Versions that we tested with are the following
avro (1.8.1)
cwl-runner (1.0)
cwl-upgrader (0.1.1)
cwltool (1.0.20160712154127)
schema-salad (1.14.20160708181155)
setuptools (25.1.6)
Future work will include testing as a CWL draft-3 tool for backwards compatibility.
Successful testing was completed with the following command (note that the input must be downloaded from https://s3-eu-west-1.amazonaws.com/wtsi-pancancer/testdata/HCC1143_ds.tar and placed in the corresponding path in test1.json , additionally the output location must exist and be writeable by the executing user).
dockstore tool launch --entry Dockstore.cwl --local-entry --json test1.json
Warning: Execution can take a substantial amount of disk space and upwards of 24 hours for execution.
Note that test2.json
also works but will take a more substantial amount of time to execute (on the order of 6 days on a 8-core, 58GB of RAM host).
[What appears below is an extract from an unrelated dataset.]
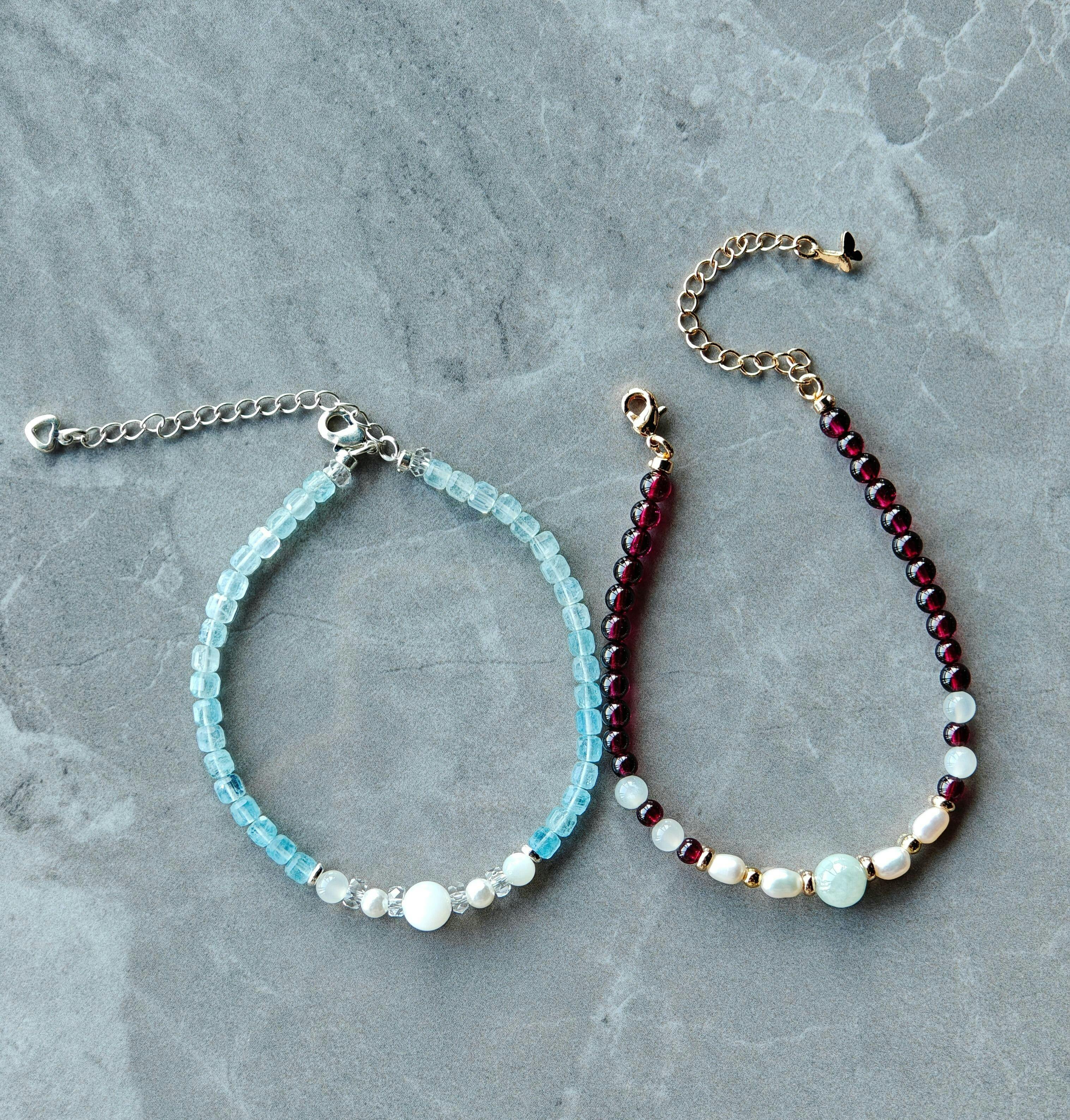 The garnet and jade feel incredibly stabilizing. I feel more centered and calm when I wear this, like a wearable meditation.

Also note that the tabix server requirement is no longer needed (reference data is built into the workflow).
This is a work in progress, some of the information below has yet to be updated for the simplified Docker process.
This workflow assumes you are working on a docker image of pancancer/seqware_whitestar_pancancer:1.1.2.
Again, this is a bit complex but in the future we will distributed pre-created VMs as OVA files or AMIs that should make this process go much more smoothly.
This workflow recommends:
- 16-32 cores (make sure you set the coresAddressable variable correctly in the ini file)
- 4.5G per core, so, ideally 72GB+ for 16 cores, for 32 cores 144GB+, on Amazon we recommend r3.8xlarge or r3.4xlarge
- 1TB of local disk space
This workflow requires an HTTP server to serve tabix-indexed data files, the location is controlled by the tabixSrvUri variable in the ini file
The directions above at our PanCancer SOP docs site will build a base SeqWare 1.1.0 box. Over time we wil add these packages to the base configuration but for now you will want to install the following on your SeqWare 1.1.0 VM once Bindle 2.0 has created it.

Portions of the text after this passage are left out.